Is there a way to prevent a Hive table from being

2020-07-27 04:20发布

问题:

I am developing a batch job that loads data into Hive tables from HDFS files. The flow of data is as follows

  1. Read the file received in HDFS using an external Hive table
  2. INSERT OVERWRITE the final hive table from the external Hive table applying certain transformations
  3. Move the received file to Archive

This flow works fine if there is a file in the input directory for the external table to read during step 1. If there is no file, the external table will be empty and as a result executing step 2 will empty the final table.

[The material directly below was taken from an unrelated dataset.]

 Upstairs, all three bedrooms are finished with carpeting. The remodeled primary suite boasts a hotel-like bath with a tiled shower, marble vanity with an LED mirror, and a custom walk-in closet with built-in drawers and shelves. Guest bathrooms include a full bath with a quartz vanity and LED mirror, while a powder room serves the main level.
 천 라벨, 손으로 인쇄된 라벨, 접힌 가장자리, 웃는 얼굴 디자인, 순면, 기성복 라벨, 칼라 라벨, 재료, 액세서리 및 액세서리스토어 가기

If the external table is empty, I would like to keep the existing data in the final table (the data loaded during the previous execution).

Is there a hive property that I can set so that the final table is overwritten only if we are overwriting it with some data?

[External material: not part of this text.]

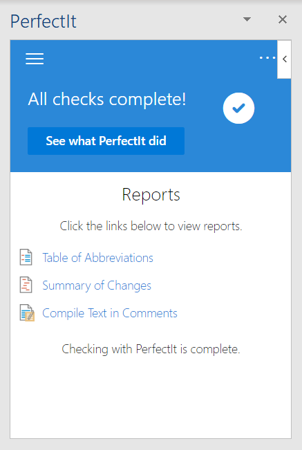 Once PerfectIt Cloud has completed the checks it allows you to run a variety of reports.
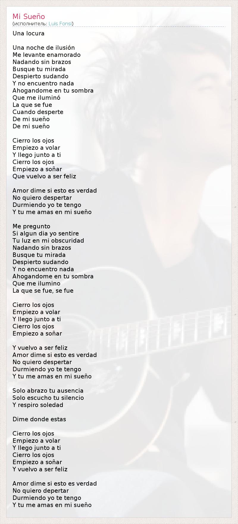 Una locura Una noche de ilusión Me levante enamorado Nadando sin brazos Busque tu mirada Despierto sudando Y no encuentro nada Ahogandome en tu sombra Que me iluminó La que se fue Cuando desperte De mi sueño De mi sueño Cierro los ojos Empiezo a volar Y llego junto a ti Cierro los ojos Empiezo a soñar Que vuelvo a ser feliz Amor dime si esto es verdad No quiero despertar Durmiendo yo te tengo Y tu me amas en mi sueño Me pregunto Si algun dia yo sentire Tu luz en mi obscuridad Nadando sin brazos Busque tu mirada Despierto sudando Y no encuentro nada Ahogandome en tu sombra Que me ilumino La que se fue, se fue Cierro los ojos Empiezo a volar Y llego junto a ti Cierro los ojos Empiezo a soñar Y vuelvo a ser feliz Amor dime si esto es verdad No quiero despertar Durmiendo yo te tengo Y tu me amas en mi sueño Solo abrazo tu ausencia Solo escucho tu silencio Y respiro soledad Dime donde estas Cierro los ojos Empiezo a volar Y llego junto a ti Cierro los ojos Empiezo a soñar Y vuelvo a ser feliz Amor dime si esto es verdad No quiero depertar Durmiendo yo te tengo Y tu me amas en mi sueño

I know that I can check if the input file exists using an HDFS command and conditionally launch the Hive requests. But I am wondering if I can achieve the same behavior directly in Hive which would help me avoid this extra verification

回答1:

Try to add dummy partition to your table, say LOAD_TAG and use dynamic partition load:

set hive.exec.dynamic.partition=true;
set hive.exec.dynamic.partition.mode=nonstrict;

INSERT OVERWRITE TABLE your_table PARTITION(LOAD_TAG)
select
      col1,
      ...
      colN,
      'dummy_value' as LOAD_TAG
  from source_table;

The partition value should always be the same in your case.